Bishop Conference Calls for Action as Extremists Attack Christians in India

The Catholic Bishop Conference of India (CBCI) has released an appeal to India's central and state government to take action against Hindu extremists, who have performed a series of attacks against Catholics all over the country. According to a statement received by Compass Direct, CBCI has demanded the arrest of those who are responsible for the attacks.

The targets of the attacks, which took place in June, were nuns as well as a number of children.

Most recent attack occurred in at the Chetanalaya Centre in Rajgir township, state Bihar on 21st June, when the group of nuns was attacked by 10 young men.

According to the Zenit, Catholic news agency, men were armed with guns and broke into the facility during the night. Director of the centre, Sister Rose Plathottam, said she was "sleeping on the terrace along with 11 handicapped girls, who had stayed back during vacation."

"Seeing nobody downstairs, the [youths] ransacked the convent ... to get hold of the keys to the rooms. Later they came up to the terrace, threatened me with a gun and dragged me to the ground floor," Rose said.

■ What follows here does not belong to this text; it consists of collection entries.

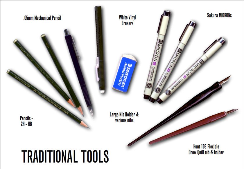 Pencils come and pencils go.  I used to favor a combination of H, HB & 2B lead.  I would use H for roughs and HB or softer for final pencils, but these days I just stick with HB. I use wooden pencils (Tombows are my favorite) for roughs, and then use mechanical pencils in three sizes for backgrounds the require rulers and other tighter detail work. For erasers, I vastly prefer a certain soft, white, smooth-texture that Pentel Clic and Staedtler Mars eraser provide.  They erase cleanly and effectly.  Recently, I’ve also re-discovered the classic kneaded eraser, which also erases very well, and can be sculpted to smaller shapes for more accurate eradication.
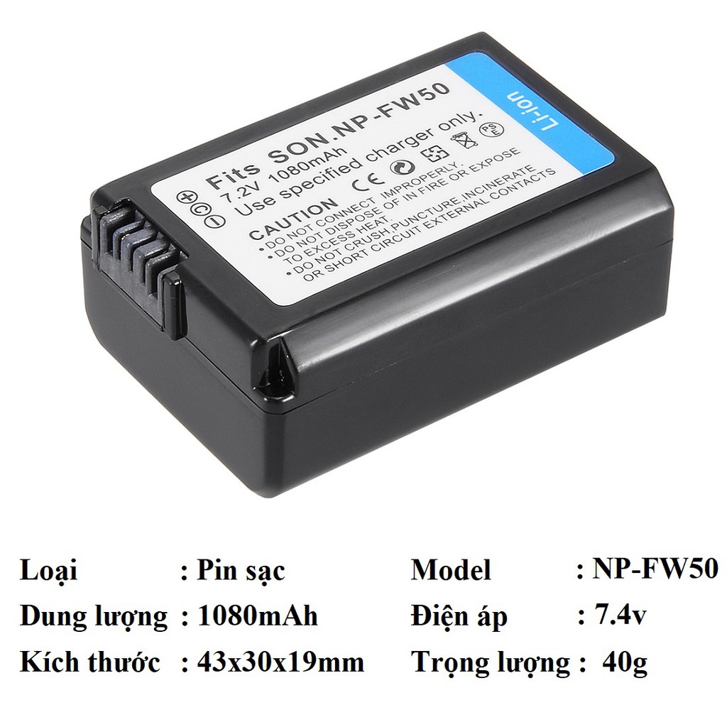 Pin sạc NP-FW50 1080mAh cho máy ảnh Sony A6000 A6300 A6500 A7Loại pin: Pin sạc
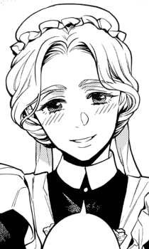 È una ragazza con occhi chiari e lunghi capelli biondi.
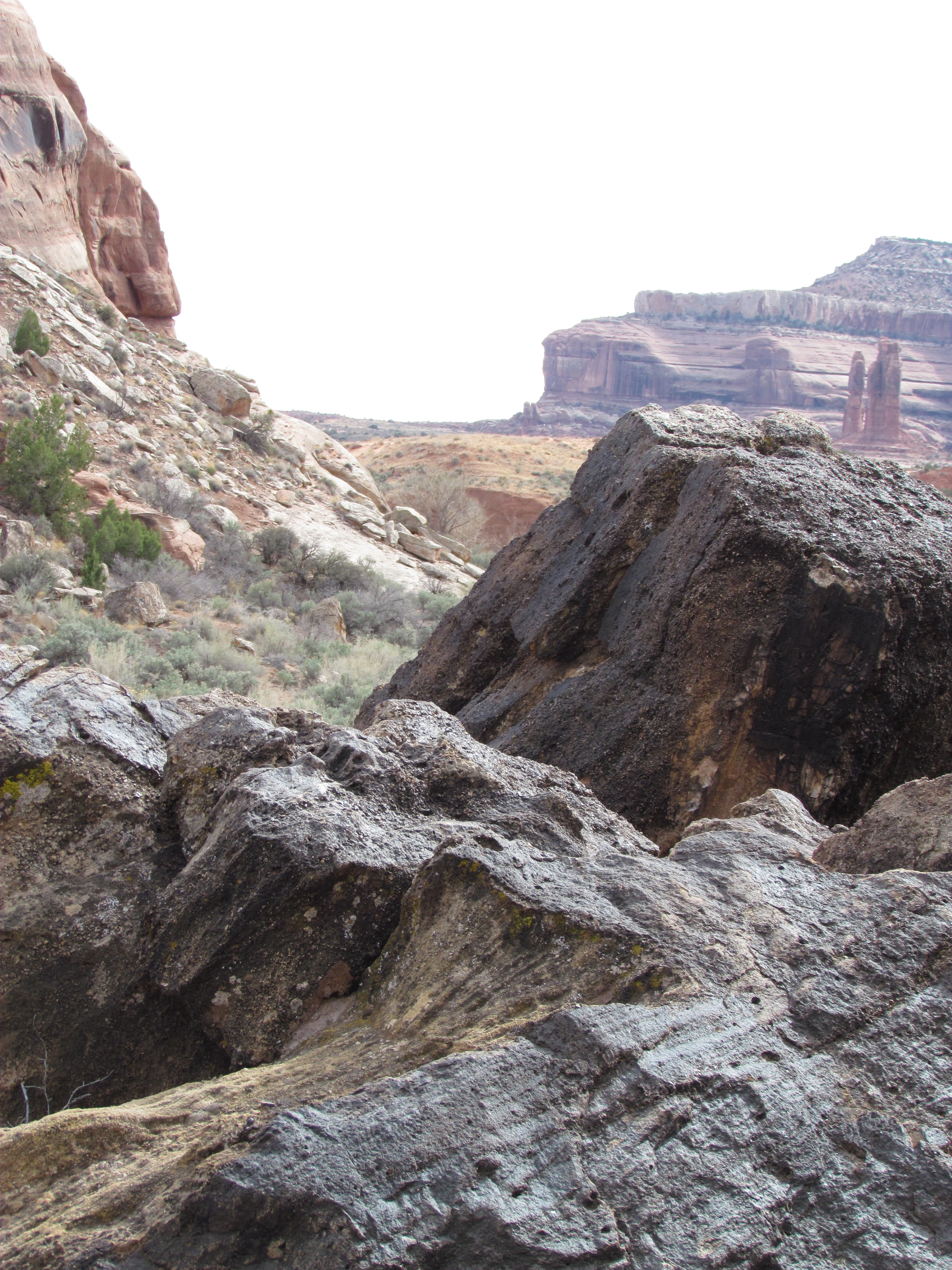 There are quite a few bones sprinkled both in the sandstone along the trail and in boulders littering the hill on the other side.
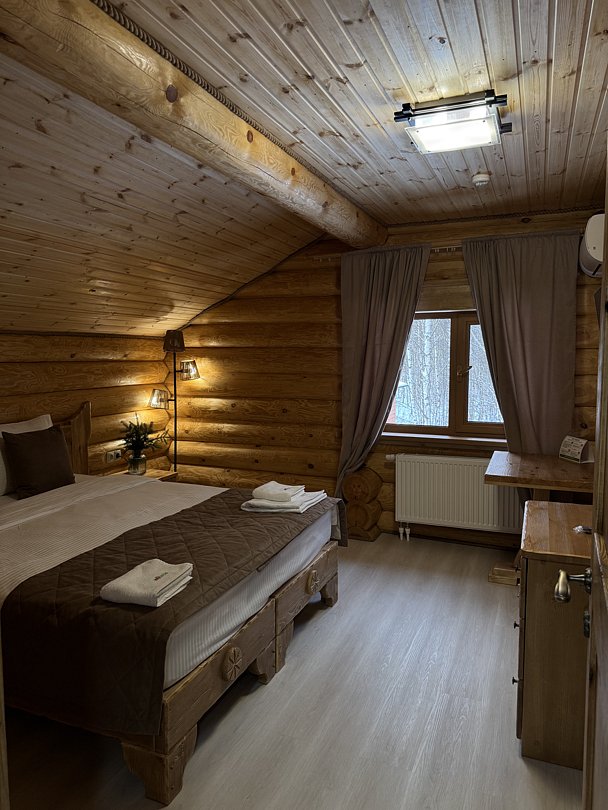 Стандартный улучшенный номер с кондиционером с двумя односпальными (90*200 см) или большой двуспальной кроватью (180*200 см) с ортопедическим матрасом. Номер оборудован багажной тумбой, зеркалом, креслом, письменным столом, стулом, шкафом для одежды с вешалками, гладильной доской, косметическим зеркалом, утюгом, феном, мини-холодильником, телевизором с плоским экраном и кабельным ТВ. В распоряжении гостей всегда есть минеральная вода, мини-бар, чайный набор (чай/кофе), набор посуды, электрический чайник. Ванная комната с душевой кабиной укомплектована косметическими средствами, банными полотенцами, тапочками, халатами. На всей территории отеля действует бесплатный WI-FI.
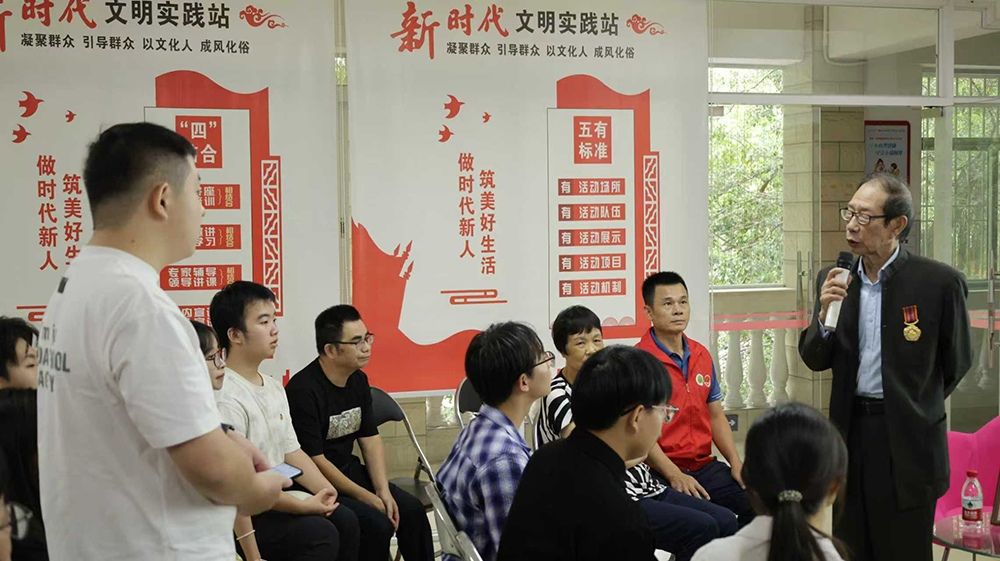 在分享交流环节中,抗美援朝老兵、外网天堂退休教职工郑坚和老党员张静卿忆往昔,话初心,将峥嵘岁月的奋斗故事娓娓道来,为现场学子生动诠释了信仰的力量,让红色血脉在深情讲述中得以赓续。

During the night of 9th June, two convents were attacked. The convents of Notre Dame in Raxaul, a small town in Bihar's Champaran district, was raided by 15 men before the midnight, men asked money from an elderly nun, who suffered serious head injury as she was beaten by the intruders.

The second convent was operated by the Sisters of Charity of Nazareth in Sokho village, Nawada district, Bihar.

There were two more reported attacks in Madhya Pradesh in central India and Rajasthan in the north.

South Asia religious News reported that three men broke into the Maria Sadan centre, belonging to Franciscan Sisters of Our Lady of Grace on 12 June.

Men attacked two nuns and a maid with a knife, tied them to a bed, and ran away with their money.

The same day, in Madhya Pradesh, several men raided the Holy Trinity Church and threw rotten eggs and coloured water on a statue of Jesus. The same group of men attacked the same place on 5th June.

According to Asia News, about 2,000 parishioners from the diocese of Jabalpur met on 14th-15th June to pray that God would bring about a "change of heart in those who desecrated the holy shrine."